Figure 218 through figure 224 present the sensitivity analysis performed to examine the impact of varying the model parameters on its prediction. The parameters included are temperature range, slab width, slab thickness, unit weight, w/c ratio, and latitude. For each sensitivity analysis, the variable of interest was varied while holding all other variables constant at their typical values. Typical values used in this analysis were 24 °F, 12-ft slab width, 10-inch slab thickness, 145 lb/ft3 PCC unit weight, 0.40 w/c ratio, and 40 degrees latitude. #### Figure 218. Graph. Sensitivity of predicted deltaT to temperature range during month of construction. #### Figure 219. Graph. Sensitivity of predicted deltaT to slab width. #### Figure 220. Graph. Sensitivity of predicted deltaT to slab thickness. #### Figure 221. Graph. Sensitivity of predicted deltaT to PCC slab unit weight. #### Figure 222. Graph. Sensitivity of predicted deltaT to PCC w/c ratio. #### Figure 223. Graph. Sensitivity of predicted deltaT to latitude of the project location. #### Figure 224. Graph. Predicted deltaT for different locations in the United States.
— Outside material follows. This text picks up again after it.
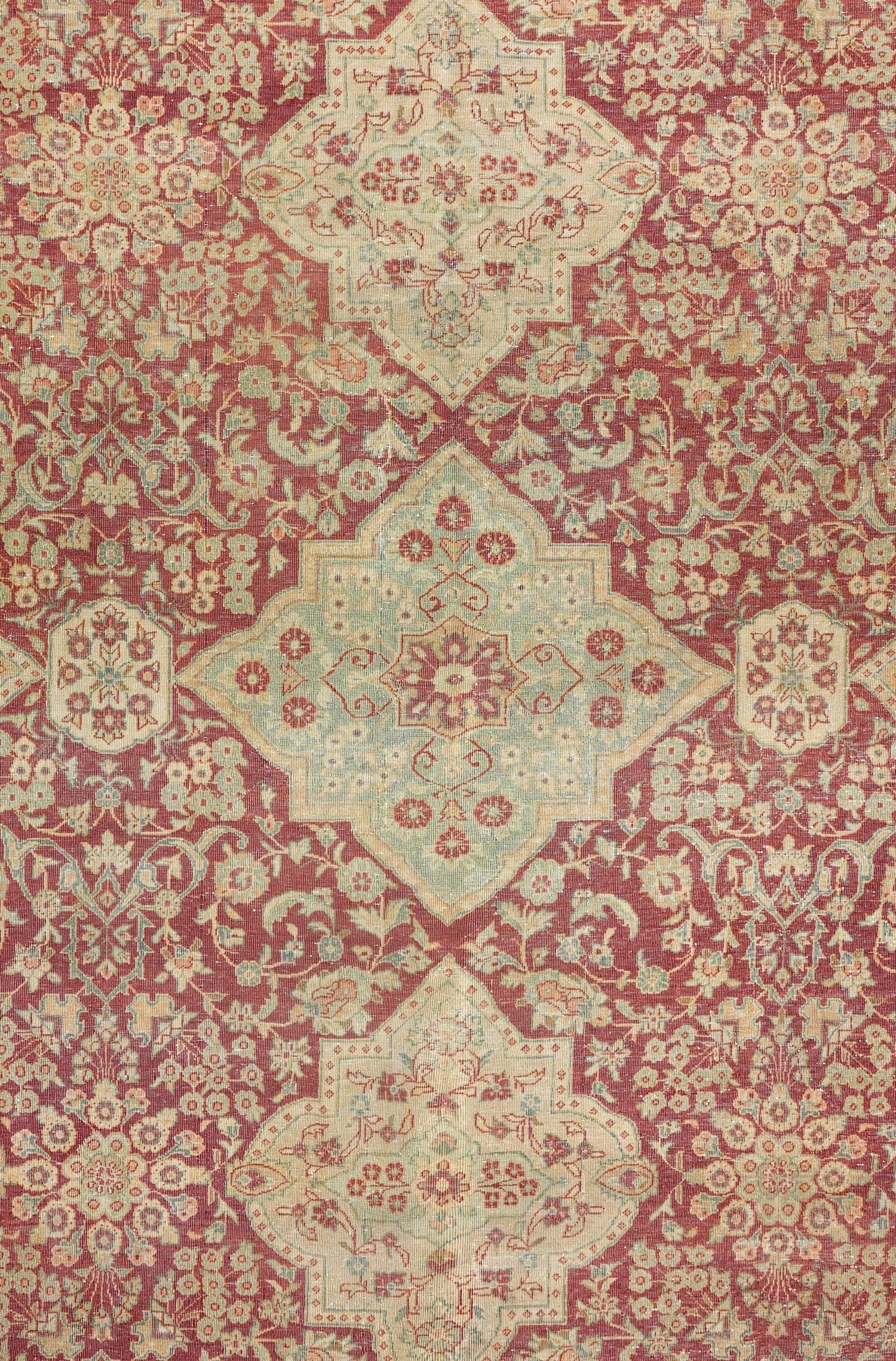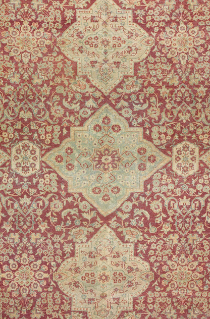 Vintage 1920 Overdyed & Distressed Transitional Persian Tabriz 8' 6" X 11' 3" Red Rug

The following list contains brief observations from these sensitivity analyses:

• For the typical values used for each of these variables, the deltaT gradients estimated are in a reasonable range.
• An increase in local climate temperature range increases the temperature gradient (see figure 218). The local climate temperature range is indicative of the level of temperature drop the project location can experience. The larger the difference in the temperature between day and night (assuming paving is performed in the daytime), the larger the negative temperature gradient locked into the slab as the slab hardens within a 24-h period.
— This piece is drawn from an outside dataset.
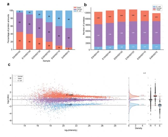 定量準(zhǔn)確性是蛋白質(zhì)組學(xué)臨床轉(zhuǎn)化的核心要求,團(tuán)隊采用已知比例的人/酵母/大腸桿菌混合物種標(biāo)準(zhǔn)品進(jìn)行儀器定量準(zhǔn)確性的驗證(500 ng質(zhì)譜上樣量),人源蛋白比例固定為50%,酵母和大腸桿菌蛋白占比從5%到45%反向變化,鑒定和定量結(jié)果見Figure 3。從Fig.3a-b可以看出,人源蛋白的鑒定數(shù)保持穩(wěn)定,表明檢測不受其他基質(zhì)組成的干擾;Fig.3c的定量比值與理論值高度吻合,人源蛋白log2比值標(biāo)準(zhǔn)差僅0.44,大腸桿菌(最大倍性變化)也僅0.66,無明顯系統(tǒng)偏差;結(jié)合ZT Scan DIA的蛋白水平CV中位數(shù)<4%,其定量精度已接近三重四極桿的靶向檢測水平。

• Wider slabs produce a larger built-in gradient (see figure 219), as has been validated in several field studies. The total thermal expansion is larger for a longer/wider slab and, therefore, the resulting curvature of the slab induces a greater lift-up at the slab corners. The data did not show a significant effect of the slab length or joint spacing parameter.
• Thicker slabs reduce the deltaT gradient, as shown in figure 220. This is the expected trend, as thicker slabs, due to a greater weight, tend to restrain the corners from curling up as the concrete hardens. This figure also shows that for very thin slabs (< 8 inches), the effect is reversed. The physical significance of this cannot be fully explained or supported with data. It is therefore necessary to evaluate the sensitivity to each parameter while selecting a deltaT for each project.
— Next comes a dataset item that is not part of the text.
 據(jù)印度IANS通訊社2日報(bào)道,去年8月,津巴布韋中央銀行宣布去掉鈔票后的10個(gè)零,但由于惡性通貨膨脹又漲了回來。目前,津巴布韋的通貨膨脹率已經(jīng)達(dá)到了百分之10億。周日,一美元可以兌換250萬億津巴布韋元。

• The larger unit weight of the PCC material used in the JPCP slab also reduces the magnitude of built-in gradient, primarily because of the restraint provided by the heavier slab during hardening (see figure 221).
• Lower w/c ratios have a higher rate of hydration, and, therefore, the PCC slab remains plastic for a shorter duration of time. Strength gain offers the slab the rigidity necessary to bear against the base and does not allow the slab corners to curl up. Therefore, lower w/c ratios tend to have higher built-in gradients, as seen in figure 222. Furthermore, at low w/c ratios, the PCC mix undergoes autogeneous shrinkage, which increases the potential for higher gradients in the slab.
• Figure 223 and figure 224 show the effect of latitude on predicted deltaT gradients. The United States lies between 30 and 50 degrees latitude in the Northern Hemisphere. The full range of latitudes is covered in figure 223. While this plot might appear to show deltaT’s high degree of sensitivity to the latitude parameter, for routine predictions using this model, the temperature range is a critical input. In other words, a given maximum temperature in the southern United States could have a much different temperature range relative to a location in the northern United States with the same maximum temperature. Therefore, the latitude parameter has to be evaluated combined with the temperature range parameter, as shown in figure 224. The predicted deltaT for several locations in the United States are presented.